Dr. Gerald Gaß, Vorsitzender der Deutschen Krankenhausgesellschaft vertrat zwar die Auffassung, dass die Krankenhäuser zurecht im Fokus der aktuellen Reformen stehen würden, stimmte aber in die Generalkritik ein: „Das erste Jahr ist aus unserer Sicht eher enttäuschend, weil eine Vielzahl von Chancen nicht genutzt wurde.“ So seien Chancen zur Gestaltung der Ambulantisierung vertan worden, weil DKG und KBV zu Beginn des Jahres in Fragen der „ein Stück weit zusammengerückt“ waren. „Da hat es eine Annäherung gegeben, die der

Politik nicht hätte entgehen dürfen. Aber das ist passiert, weil Minister Lauterbach kein Zutrauen zur Selbstverwaltung hat“, sagte Gaß. Stattdessen habe er eine Regierungskommission gegründet, die „maximal intransparent hinter verschlossenen Türen“ agiere. Das sei verlorene Zeit und der Protest der Länder vorprogrammiert, weil sie nicht einbezogen würden. „Dann fangen wir bei der nächsten Bundestagswahl wieder von vorne an“, sagte Gaß. Diese Zeit habe man aber nicht mehr.

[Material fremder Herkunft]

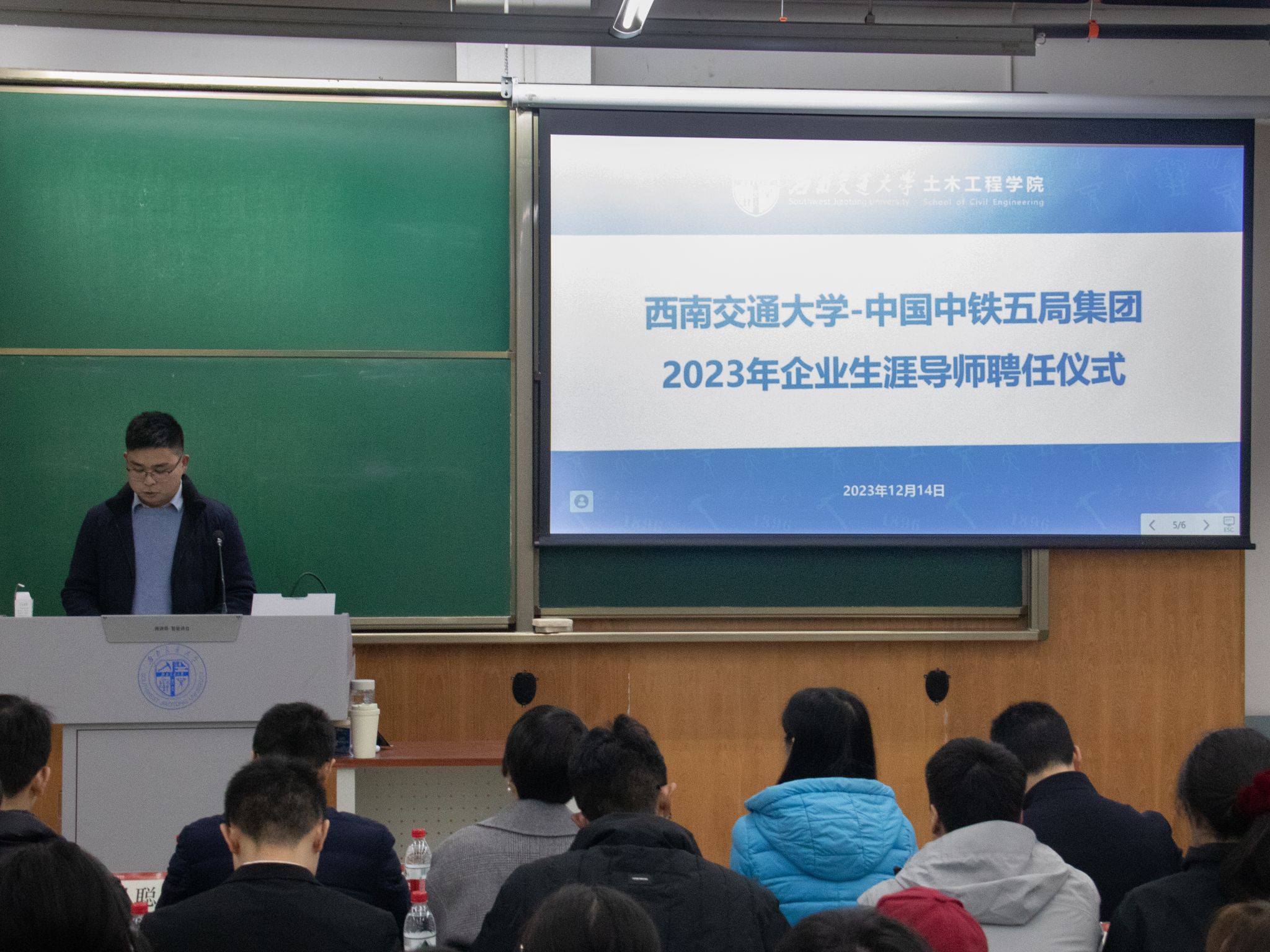 中铁五局成都公司人力资源部部长曾垂勇以自己的求职经历为铁道2023-02班分享了自己的经验,并希望同学们可以在大学的学习探索中,明确自己的职业规划,要明确自己的目标,不要盲目跟风,要根据自己的兴趣、能力和职业发展方向来选择适合自己的职业。

Stillstand in der Digitalisierung?

Auch in der Digitalisierung sei das vergangene Jahr ein vertanes Jahr, kritisierte Dr. Georg Münzenrieder aus dem Bayerischen Staatsgesundheitsministerium. „Die Mehrwerte kommen nicht an. Sie werden nicht gesehen, weder bei den Leistungserbringern noch bei den Bürgerinnen und Bürgern.“ Für sich betrachtet brächten die einzelnen Elemente ePA oder eRezept wenig. „Der Mehrwert ergibt sich aus dem Zusammenspiel. Dazu muss das System sicher laufen und das tut es im Moment noch nicht.“

Münzenrieder forderte eine Diskussion darüber, ob es analog zum Krankenhauszukunftsgesetz ein Praxiszukunftsgesetz geben müsse. Dringend nötig sei für die Digitalisierung ein einheitlicher Rahmen, der fachliche, technische und organisatorische Aspekte zusammenführe. Ob diese Digitalagentur die Gematik sein könne, müsse ebenfalls geprüft werden. zumindest müsse sie einen anderen Namen erhalten.

Eine „digitale Pause“ hat auch Dr. Eckhard Oesterhoff von Philips Deutschland nach dem Regierungswechsel beobachtet. „Im Formulieren von Zielstellungen sind wir gut, aber im Tun eben nicht“, sagte er. Enttäuscht zeigte er sich auch von den neu vorgelegten Eckpunkten zur Digitalisierungsstrategie. Das Papier schweige sich darüber aus, wer wann wie was tun solle.